BluePenguins · 15/01/2026 16:12

My child's school have informed us that after they came back from the Christmas holidays all students from year 1-6 have completed a writing assessment which will be uploaded to a something called a comparative judgement app and marked by AI and give their next steps.

I could see it perhaps being useful at secondary age when they write extensively but I'm really not sure how this can be as useful as the child's actual teacher marking the work. Especially at KS1 age when the handwriting and spelling can be unclear.

I appreciate AI is increasingly common but is this something that is now standard in primary schools, am I out of touch?

OP posts:
NeverDropYourMooncup · 15/01/2026 16:15

It's probably a trial being run by one of the major data companies (had a similar email to deal with at work recently). It's not the same as the work the teachers mark and may provide very useful data in the future that will benefit children including yours.

BluePenguins · 15/01/2026 16:38

They said it's something they had brought into a package or something so unfortunately it doesn't sound like a trial.

They were not very clear or forthcoming with much more information sadly. I do appreciate this won't be the only way of marking but it sounds like the main purpose is to give them their next steps which surely should come from their teacher who sees all their work not just this one piece of writing?

OP posts:
NeverDropYourMooncup · 15/01/2026 17:27

BluePenguins · 15/01/2026 16:38

They said it's something they had brought into a package or something so unfortunately it doesn't sound like a trial.

They were not very clear or forthcoming with much more information sadly. I do appreciate this won't be the only way of marking but it sounds like the main purpose is to give them their next steps which surely should come from their teacher who sees all their work not just this one piece of writing?

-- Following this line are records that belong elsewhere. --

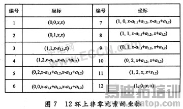 将图6环上各个的非零元素依次编号,并令编号为1的元素坐标为(0,0,x,x),则环上各节点的坐标如图7所示。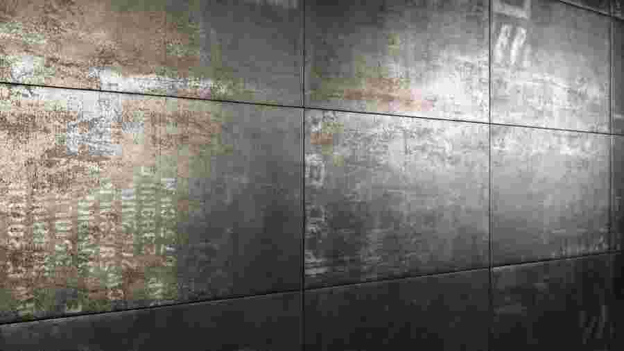 Яркая новинка этого сезона — широкоформатный кафель под металл. Самые актуальные модели: серебро, алюминий, золото, сталь.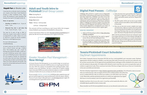 At Greater Houston Pool Management, we are excited to begin our second year with the First Colony community. GHPM has been servicing the greater Houston area since 1999. Our company was founded by three guiding principles: safety, customer service and cleanliness. We have a strong team of industry leading experts that make GHPM a successful and desired company to work for. As GHPM continues to build on this success, we hope you will join our team!

That's exactly what I was referring to. One of the big edudata companies are conducting this trial assessment as an optional free add-on to the service their school customers have bought into. Teachers are great, but they don't have access to nationwide trends or the ability to drill down into attendance, age to the month, sex, geographic area, type of school, percentages of disadvantaged, EAL or SEND students, etc, whereas the data companies do.

Over the long term, it is possible that it could be used to improve tracking, estimates, identify needs and ensure fewer children slip through the cracks - after all, a progress measure and estimations built purely upon a single reading and a single maths KS2 SATs result (the current status, the grammar, punctuation and spelling, plus science, aren't used in government measures) isn't broad enough, imo.

It's nothing to do with the class teacher being eliminated from assessments.